On 8 October 2015, Mandy published her first book, You Can’t Run, through Ebury, an imprint of Penguin Random House. The publication offers a detailed and deeply personal account of her relationship with Jahméne’s father. The foreword was contributed by esteemed author and campaigner Katie Piper.

Mandy is an author, poet, and artist, as well as a photographer. In addition to her creative work, she is a dedicated justice advocate and a recognised media commentator on issues relating to domestic abuse. Her efforts are focused on raising public awareness, influencing policy, and securing support for victims of domestic violence.

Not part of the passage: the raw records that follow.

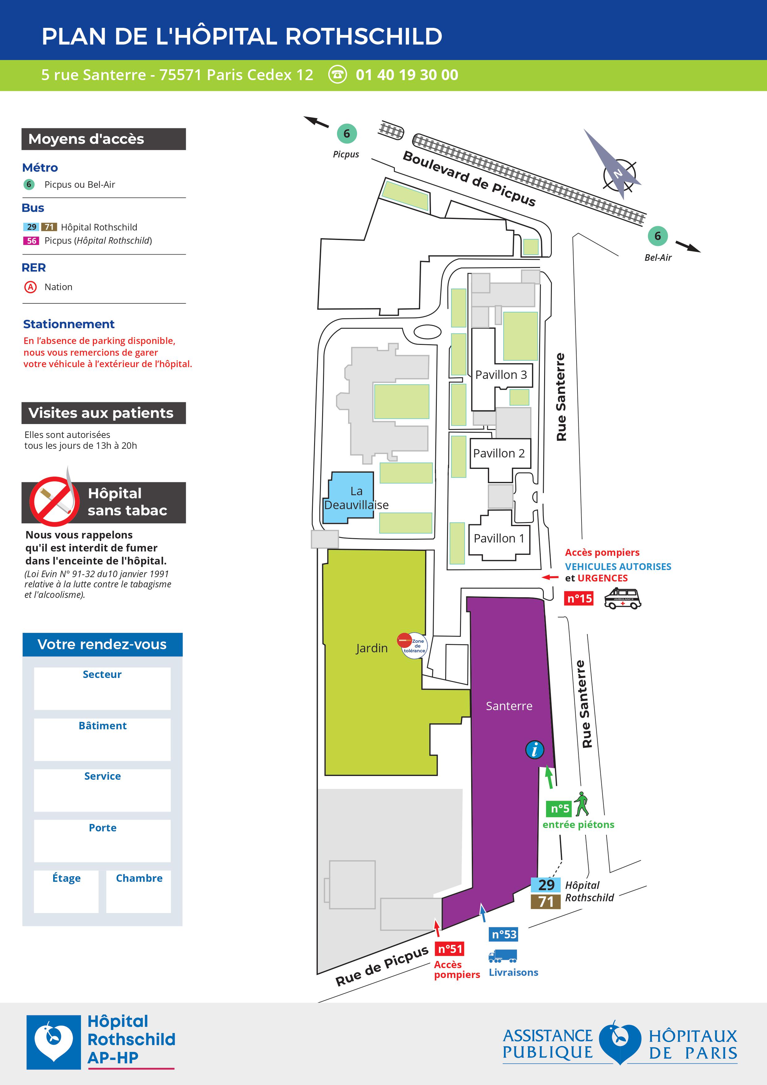 Les consultations et l’hôpital de jour sont situés au rez-de-chaussée. L’hospitalisation complète est située au 2ème étage.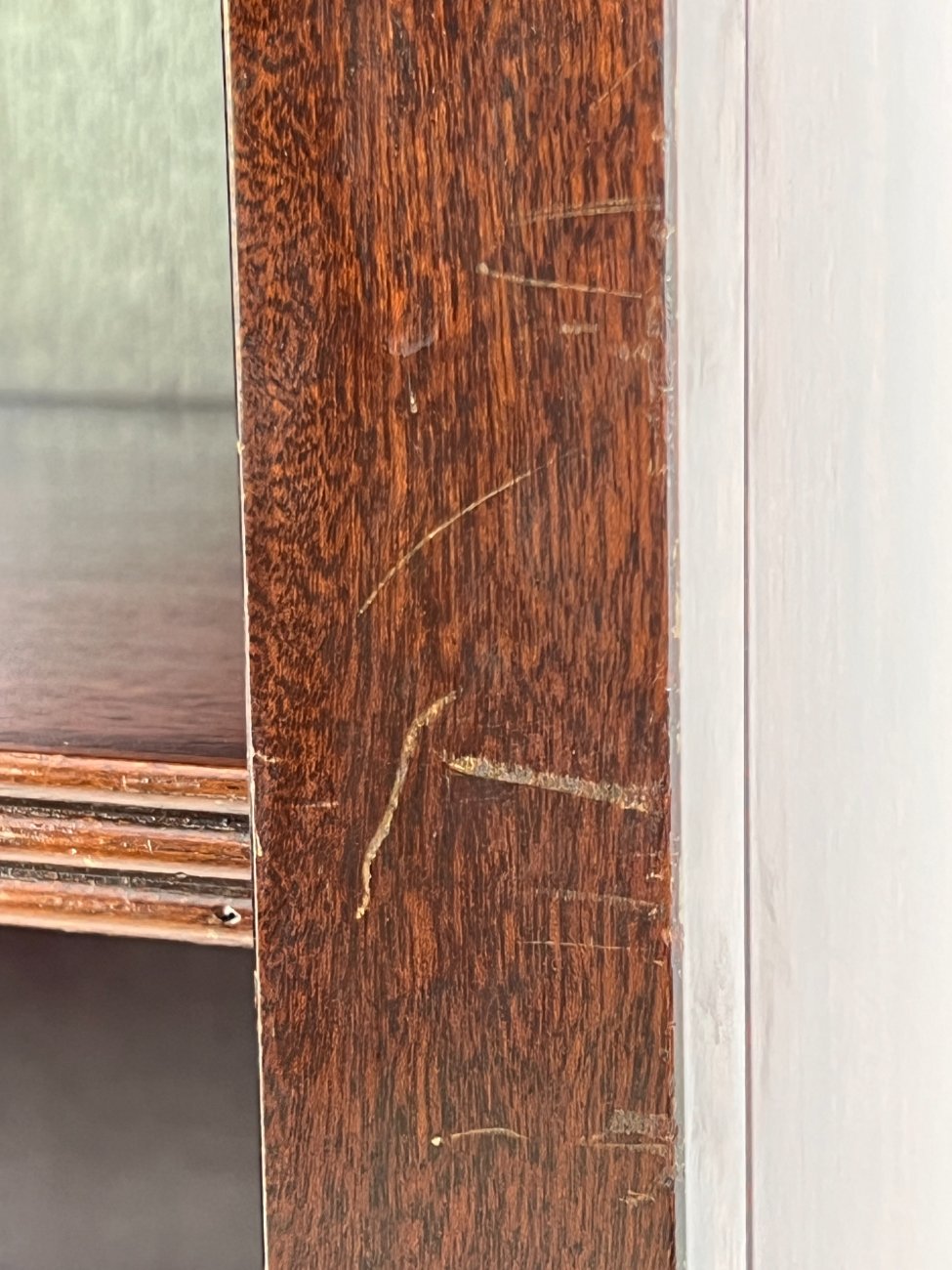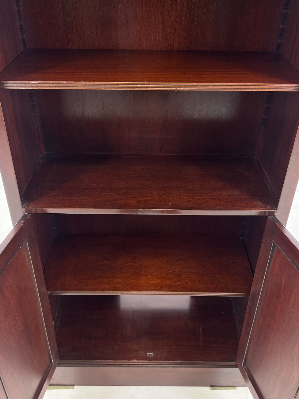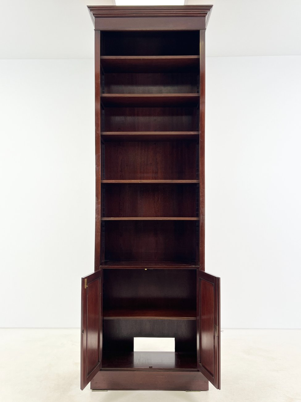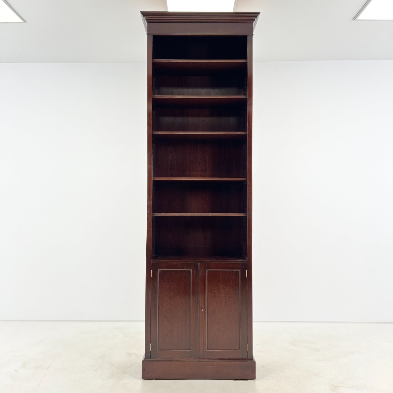 Angliško stiliaus aukšta raudonmedžio knygų lentyna.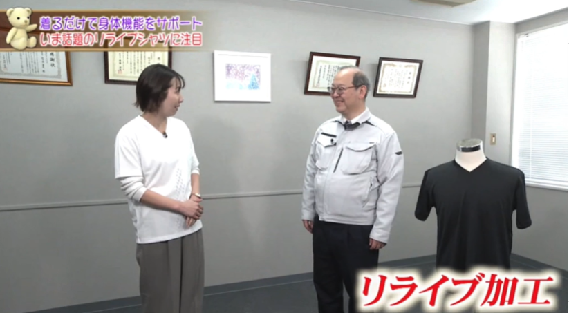3月30日、宮城テレビ「ちょっとブレイクタイム」にて、リライブシャツを紹介いただきました。リポーターの若林翔子さんにもリライブシャツをご体感いただきました!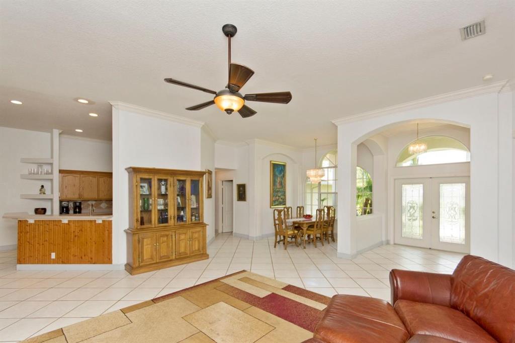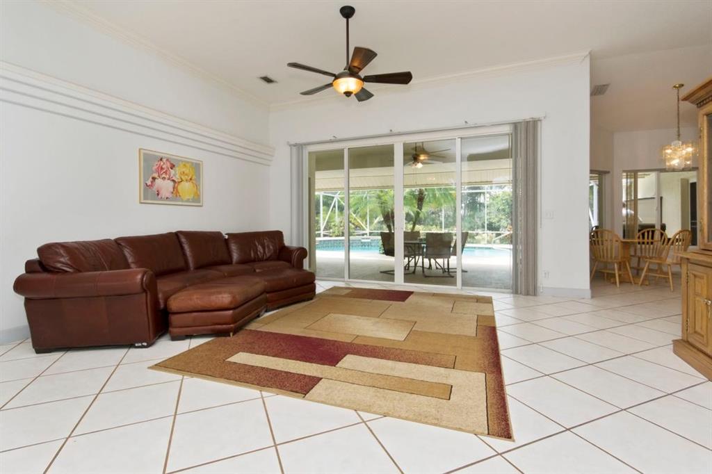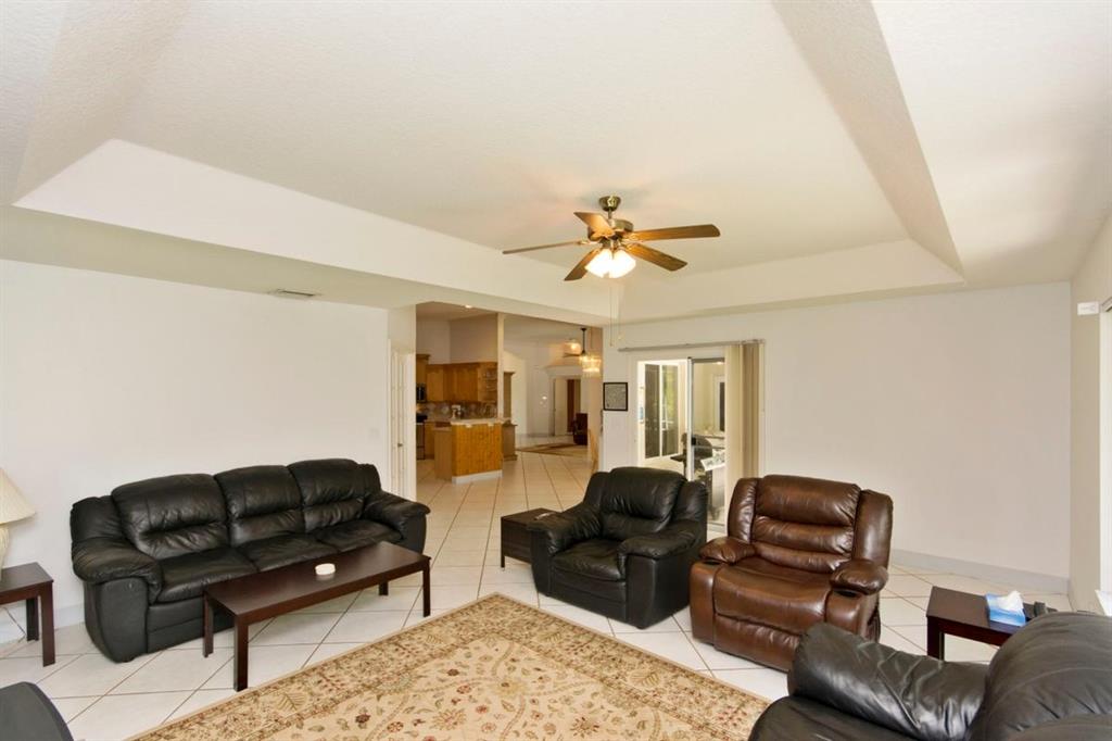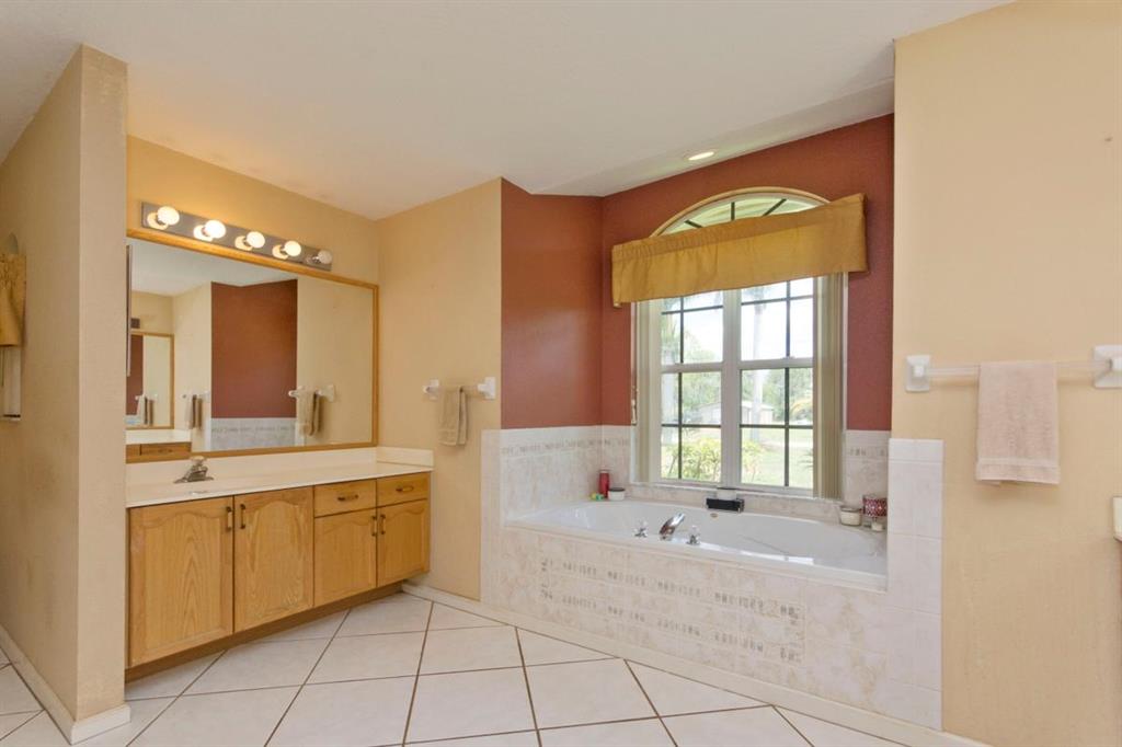 Fabulous 4 Bedroom 2 bath pool home. Large eat-in kitchen with S/S appliances, hardwood cabinets & Corean counters. Spacious master bedroom has his/her walk-in closets, an en-suite bathroom with double sinks, soaking tub & separate shower. This home flows from room to room for perfect family living or an entertainer's delight. Living areas are tiled on the diagonal & bedrooms have wood laminate flooring. High volume & trey ceilings are accented with crown molding. Impact glass front door & overhead window. Screened in heated salt water pool & spa has an interior Aqualink controller. Other extras include a generator transfer switch, wide concrete driveway, storage shed, fenced in yard for pets & a variety of fruit bearing trees. This recently painted home comes with a 1 year home warranty.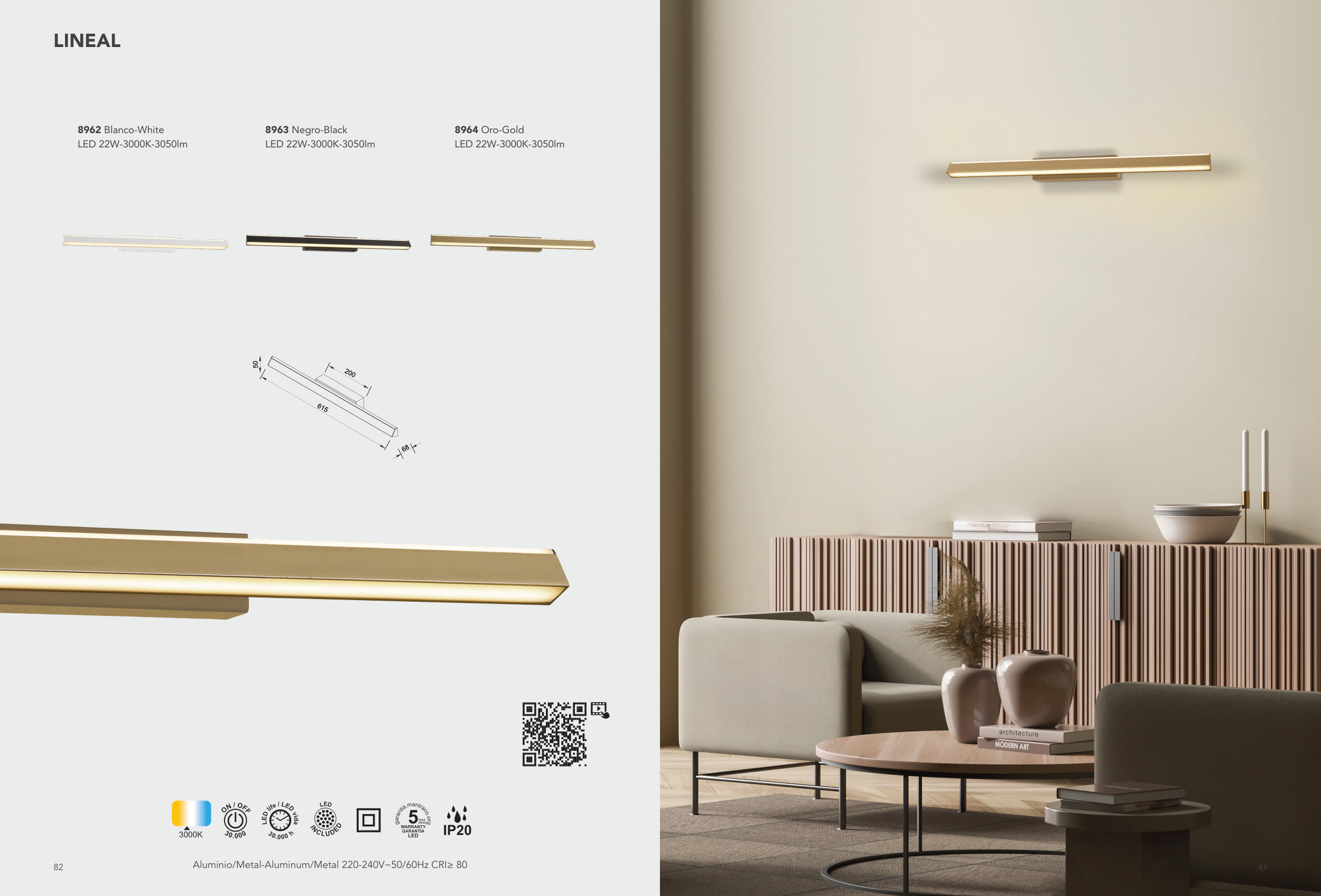 h 3000K MODO DE USO 82 83 LINEAL Aluminio/Metal-Aluminum/Metal 220-240V~50/60Hz CRI≥ 80 8962 Blanco-White LED 22W-3000K-3050lm 8963 Negro-Black LED 22W-3000K-3050lm 8964 Oro-Gold LED 22W-3000K-3050lm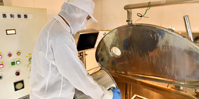 ご家庭で急須を使ってお茶を淹れる要領と同様に専用設備を使用し、お茶本来のもつ旨味がしっかりと残る製法で抽出を行います。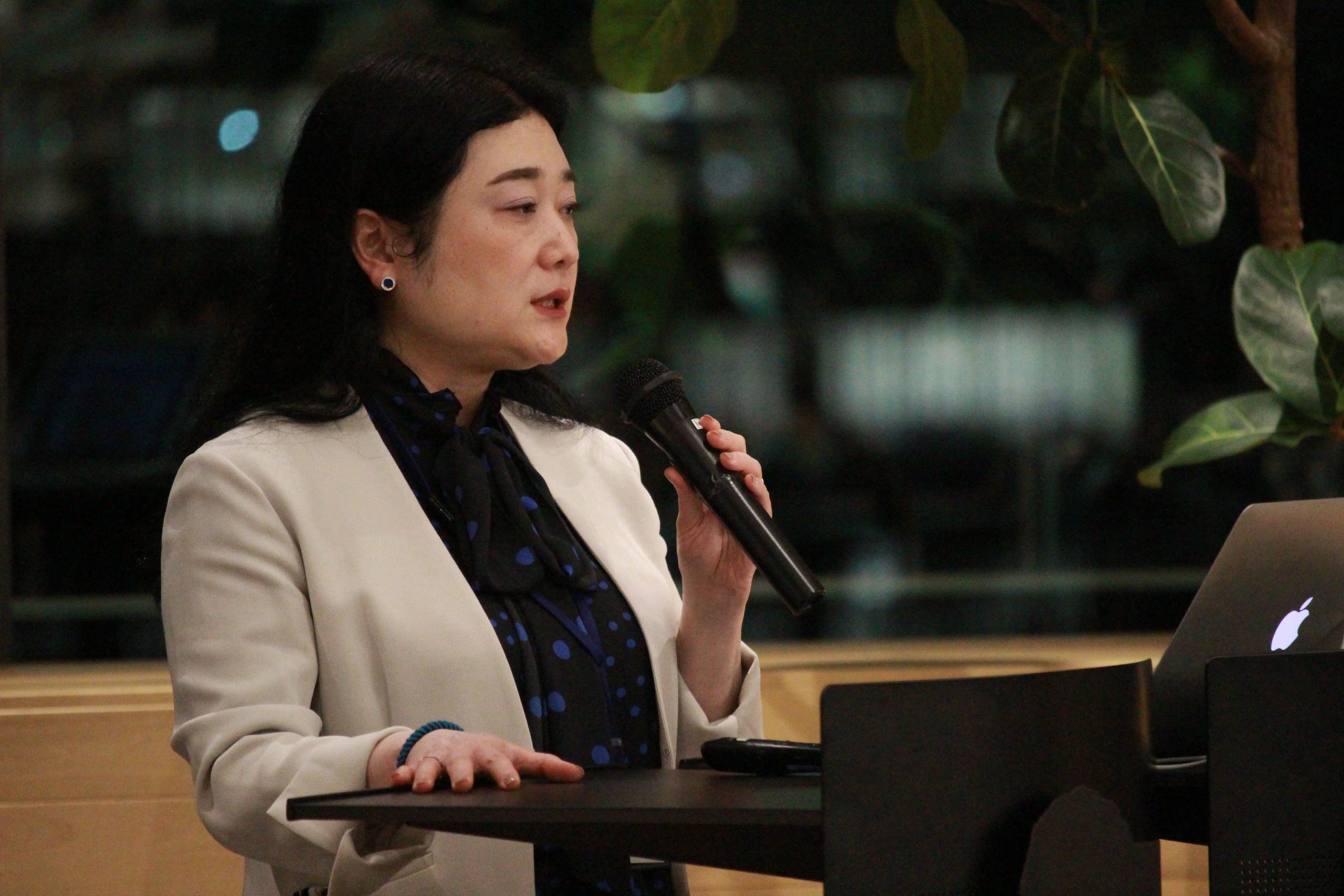 The second guest of the evening, Ms. Tomoko Ina, took the podium to outline basic ideas for building an ecosystem that enables the creation and development of local zebra companies that prioritize values such as sustainability, social responsibility and community. Local zebra companies are leaders in solving local social issues through business, collaborating with diverse stakeholders, and creating social impact.

In October 2020, Mandy was awarded the British Empire Medal (B.E.M.) in recognition of her outstanding contribution to campaigning against domestic abuse.

==Television ==
===2012: The X Factor===

On 30 May 2012, Douglas auditioned in London for the ninth series of The X Factor. He sang Etta James' "At Last" with a powerful voice in what Louis had stated as a "revelation" and received a yes from each of the judges Louis Walsh, Tulisa, Gary Barlow and Nicole Scherzinger. Douglas managed to advance to judges' houses, where he impressed mentor Nicole Scherzinger with his rendition of David Guetta's "Titanium", thereby making it to the live shows.

On 8 December, he was the first act to make it safely through to the second night of the live finals, along with Arthur.

He finished the competition in second place.

In August 2013, Douglas performed in Indonesia for RCTI's 24th anniversary television special, X Factor Around the World.

==Debut Album Love Never Fails==

On 19 December 2012, it was announced that Douglas had signed a record deal with Sony Music. On 25 January 2013, it was confirmed that he had signed with RCA Records and would be releasing his debut album in May.

It was announced by RCA Records that Douglas' first album would be called Love Never Fails and would be released on 22 July. It debuted at number one in the UK. Douglas also donated all of his profits from the single "Titanium" to the domestic abuse campaigns of the charity Women's Aid. The album features appearances from his X Factor mentor Scherzinger and Stevie Wonder. He released a single from the album, a cover of David Guetta's "Titanium", onto his Vevo account on 12 June 2013.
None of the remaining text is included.